All this time, Will’m lay low in Angelino Heights, the grateful guest of Fitz and his maimed pet. The peculiar trio put up in the garage of a Queen Anne Victorian on Carroll Avenue. The owner (one of Fitz’s former supervisors at the DCFS) had hit a financial bump in mid-restoration; chain link surrounded the property. Fitz was on-site to ward off vandals.
The architecture was to Will’m’s liking. It reminded him of Red House at Bexleyheath in Kent, the dwelling built for Janey on occasion of their marriage — with its humble demi-courtyard garden, rose-entwined wattle and decorative well house with conical roof, he felt he was truly home again. There were two stories, plain and spacious, and polished, set-back porches.
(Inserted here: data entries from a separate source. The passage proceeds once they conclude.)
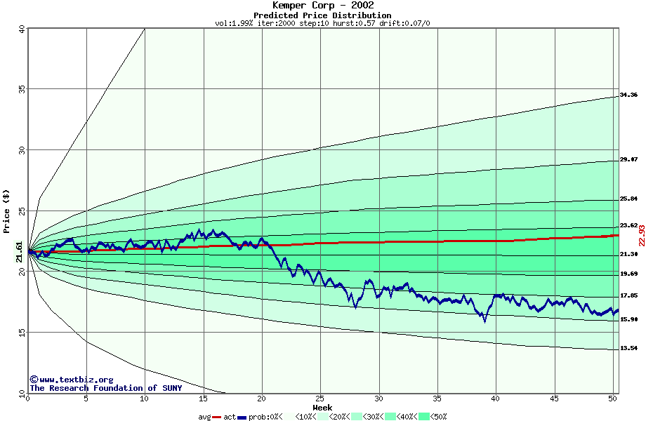 The following graph plots the year-to-date performance of the stock for 2002 compared to the probability calculated by a random walk model.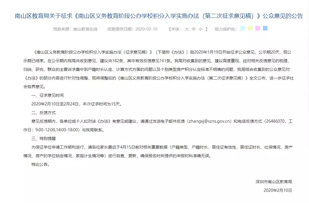 1月19日,南山區(qū)教育局第一次征求意見發(fā)出后,共收集到關于積分算法調整的反饋意見182條,并于2月10日第二次發(fā)布《南山區(qū)義務教育階段公布學校積分入學實施辦法》征求意見稿(以下簡稱《意見》),根據《意見》內容,擬調整2020年積分入學辦法。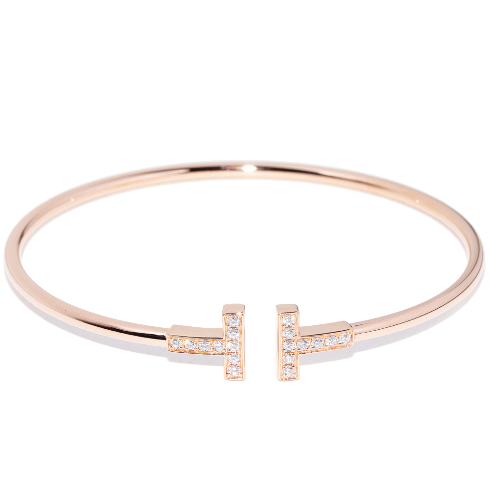 Tiffany & Co.(ティファニー) K18PG ダイヤ18P(計0.24ct) Tワイヤー ブレスレット ラージ ブレスレット バングル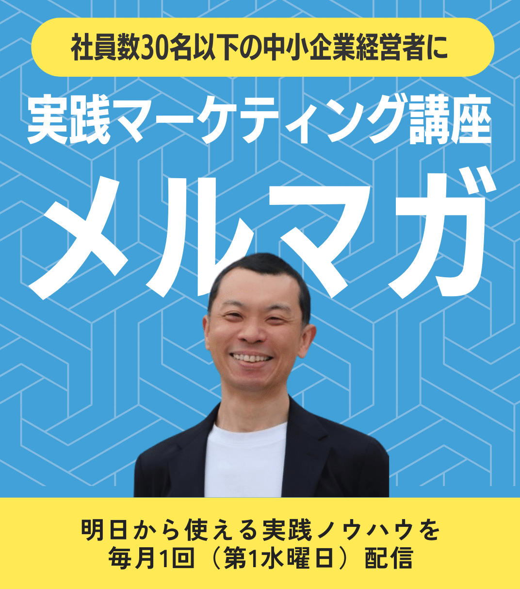 「実践マーケティングメルマガ」を月1回、第1水曜日に配信します。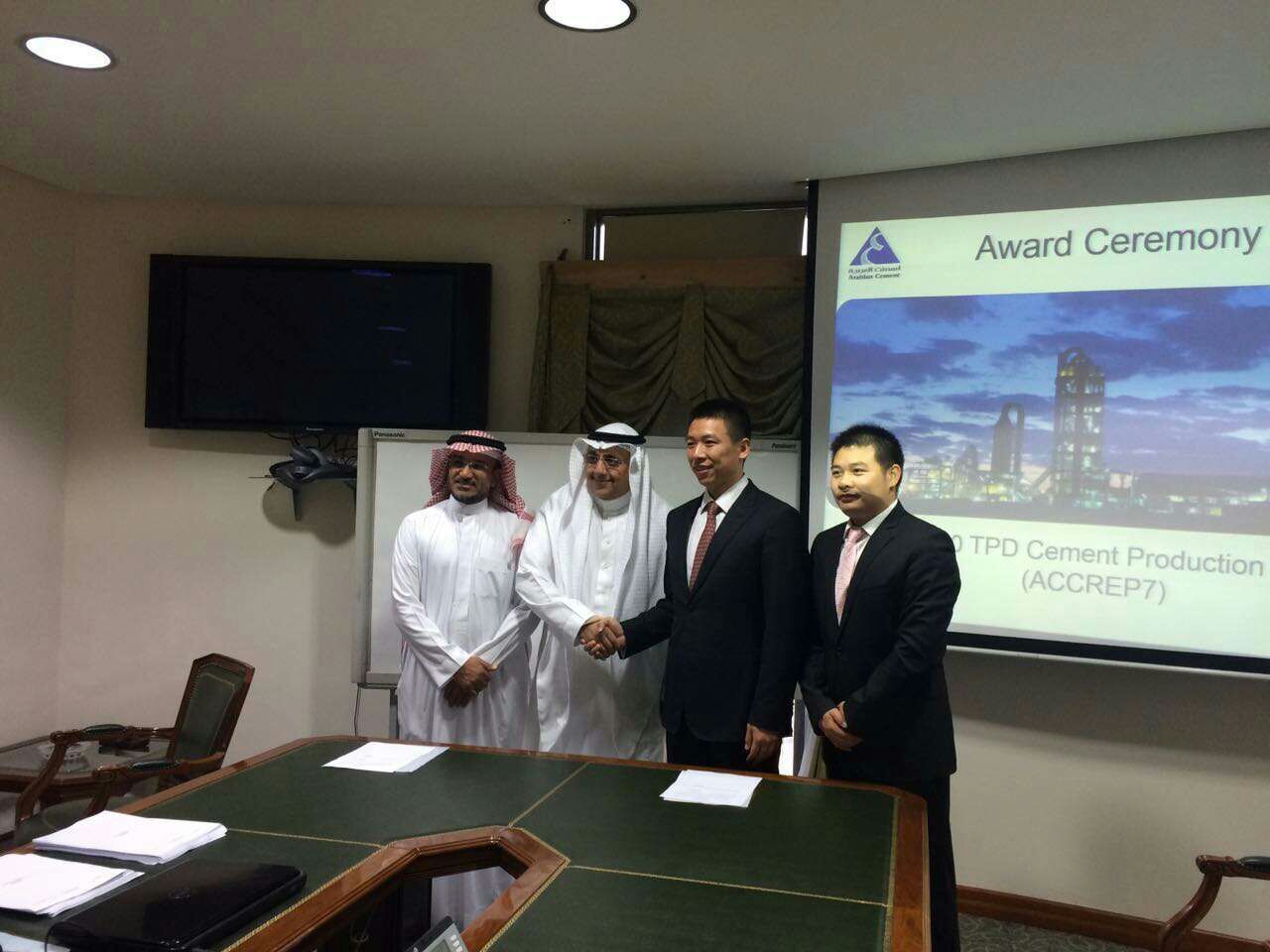 4月1日,中建材进出口所属中建材国际装备有限公司与阿拉伯水泥公司在沙特吉达市签署了日产10000吨熟料水泥厂总承包合同。这是中建材国际装备在国际水泥工程市场上签订的***订单,也是公司积极实践国家“一带一路”战略的重大成果。中建材国际装备总经理张燎、阿拉伯水泥公司CEO Gasem代表双方签署合同。

By light of day, he explored the Gothic-arched drawing room of this earthly paradise and made secret plans to paint a mural on a hall cupboard, the one he had begun so long ago but never finished: Morte d’Arthur . This time he would include Fitz and Amaryllis among the likenesses of Lancelot and Tristram, and even work in Half Dead.
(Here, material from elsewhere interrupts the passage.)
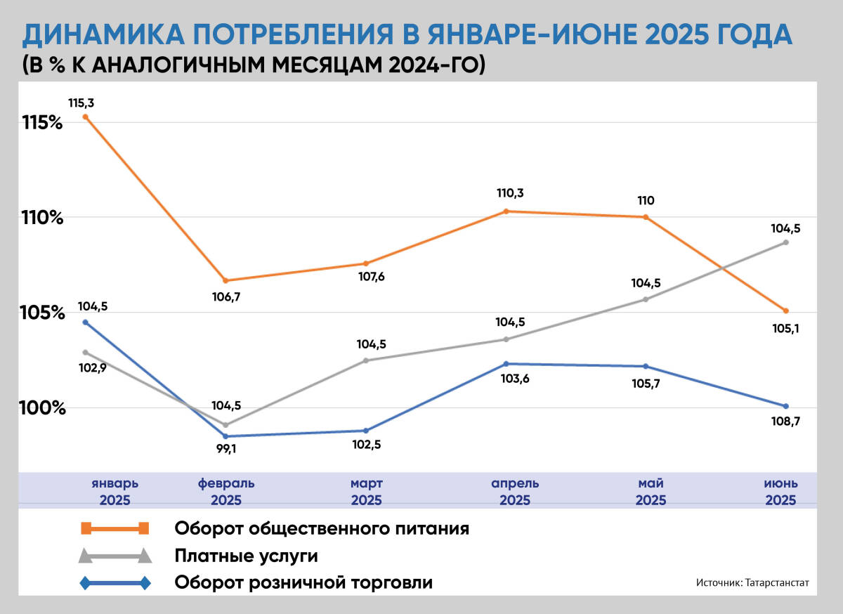 Суммарный оборот розницы, общепита и платных услуг населению в Татарстане за январь – июнь 2025-го превысил 1,1 трлн рублей. Но темпы роста потребительского рынка за первую половину года существенно замедлились. Чего ждать во втором полугодии – в обзоре «Татар-информа».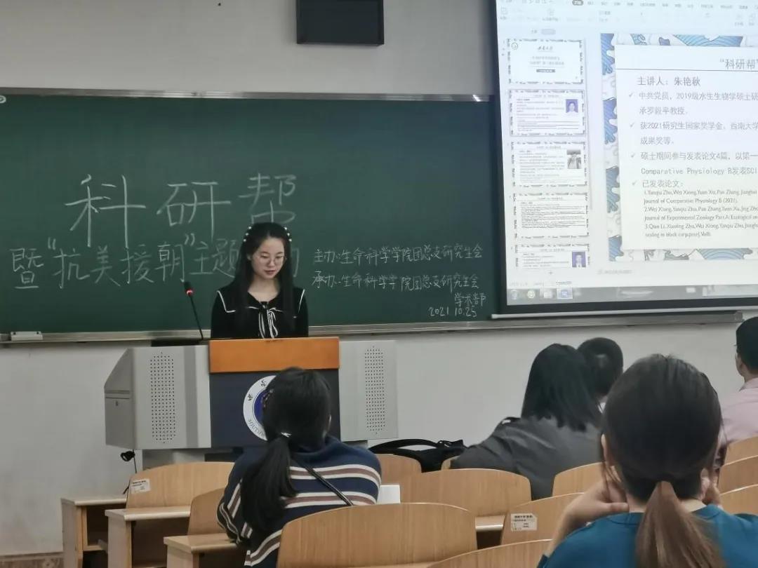 为推进研究生学术学风建设,呼吁研究生在力求学术创新的同时恪守学术道德,遵守学术规范,锻造学术品格,同时将研究生党员“我为师生办实事”落实落细落地,生命科学学院研究生团总支于10月25日下午6:30,举办研究生“科研帮”研究生学风建设主题活动,由优秀研究生代表2019级水生生物学硕士研究生朱艳秋、2019级微生物学博士研究生龚真分享文献检索的方法技巧,同时特别邀请到第七届中国国际“互联网+”大学生创新创业大赛高教主赛道金奖获得团队的负责人2019级植物学博士研究生曾俊岚分享参赛经历和项目宣讲。参与此次讲座的有学院研究生辅导员谷彩霞以及学院各年级研究生代表。

At night, while Fitz smoked his chemical pipe in the garage and ranted about the Department of Children and Family Services, Will’m paced the hortus conclusus , square plots of lilies and macerated, streetwise sunflowers, reciting verse from News from Nowhere (which he need soon retrieve from its Olympic Boulevard storage bin)—
I know a little garden-close
Set thick with lily and red rose,
Where I would wander if I might
From dewy morn to dewy night,
And have one with me wandering.
To be frank, he hadn’t slept well since giving up the girl. The small face, with its rough cherub’s mop, tugged, calling him to seek her out; he made resolution to reconnoiter the bakery and look in on her progress. But skid row tom-toms soon brought news of her capture by police — and Someone-Help-Me’s perfidious involvement in the dragnet. Will’m was undone. Discreet by nature, he decided to gather Fitz into his confidence, bringing him up to speed on all that had transpired between him and Amaryllis, culminating with the freedom flight from Higgins to East Edgeware alley.